Spatters of black ink across thick paper with charred edges and sepia tones unravel into a story. A story of a dysfunctional, morbid word plagued by death, disease, destruction, vices and suffering. Barriers crumble, beliefs disappear, insanity becomes a spectrum not a border, darkness is allowed to not just permeate but flourish. Nothing remains sacred or perhaps everything is.
But for artist and photographer, Ari Jayprakash who has created the Kuru Chronicles (which derives its name from a disease affecting cannibals when they consume human brain matter) in collaboration with writer Anisha Sridhar, this is nothing more than an artistic expression of an interesting form of spirituality, “We knew there was stuff here that may make people uncomfortable but we will stick to that,” he says, rather vehemently. “Freedom of thought and expression is an essential aspect of artistic evolution and we have restricted ourselves too long.” He believes however, that this is changing for the better, “People are beginning to push boundaries. I think India will produce a lot of interesting art, music, dance and theatre over the next few years,” he adds.

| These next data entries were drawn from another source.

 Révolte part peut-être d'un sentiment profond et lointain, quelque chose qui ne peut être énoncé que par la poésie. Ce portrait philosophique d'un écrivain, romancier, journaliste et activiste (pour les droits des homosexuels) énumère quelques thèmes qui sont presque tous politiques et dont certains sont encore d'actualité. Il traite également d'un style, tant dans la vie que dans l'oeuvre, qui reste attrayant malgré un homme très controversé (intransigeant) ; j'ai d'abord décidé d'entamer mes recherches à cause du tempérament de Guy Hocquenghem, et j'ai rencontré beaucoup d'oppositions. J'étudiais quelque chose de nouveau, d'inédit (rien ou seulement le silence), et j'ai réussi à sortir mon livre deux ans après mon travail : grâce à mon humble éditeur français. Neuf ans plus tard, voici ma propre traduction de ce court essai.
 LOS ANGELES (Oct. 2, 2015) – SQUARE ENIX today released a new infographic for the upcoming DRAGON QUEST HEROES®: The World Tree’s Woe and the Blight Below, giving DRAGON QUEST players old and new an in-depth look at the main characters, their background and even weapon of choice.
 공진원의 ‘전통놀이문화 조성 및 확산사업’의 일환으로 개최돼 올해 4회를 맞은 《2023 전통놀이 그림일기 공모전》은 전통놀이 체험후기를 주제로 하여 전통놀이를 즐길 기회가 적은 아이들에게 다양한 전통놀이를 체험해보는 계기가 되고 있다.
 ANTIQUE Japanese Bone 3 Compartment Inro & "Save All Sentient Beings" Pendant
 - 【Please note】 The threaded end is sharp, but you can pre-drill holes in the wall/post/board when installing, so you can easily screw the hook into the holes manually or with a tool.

His own artwork (he refers to it as Kuru art) certainly not just pushes boundaries but tramples all over them, leaving the viewer too enthralled to even notice that they existed in the first place. “Kuru uses black ink done mainly with a calligraphy pen. At the end of the execution the pictures are burnt. The burning was done as an offering to the fire God and also because it gives it an old rustic sort of look and an interesting shading.”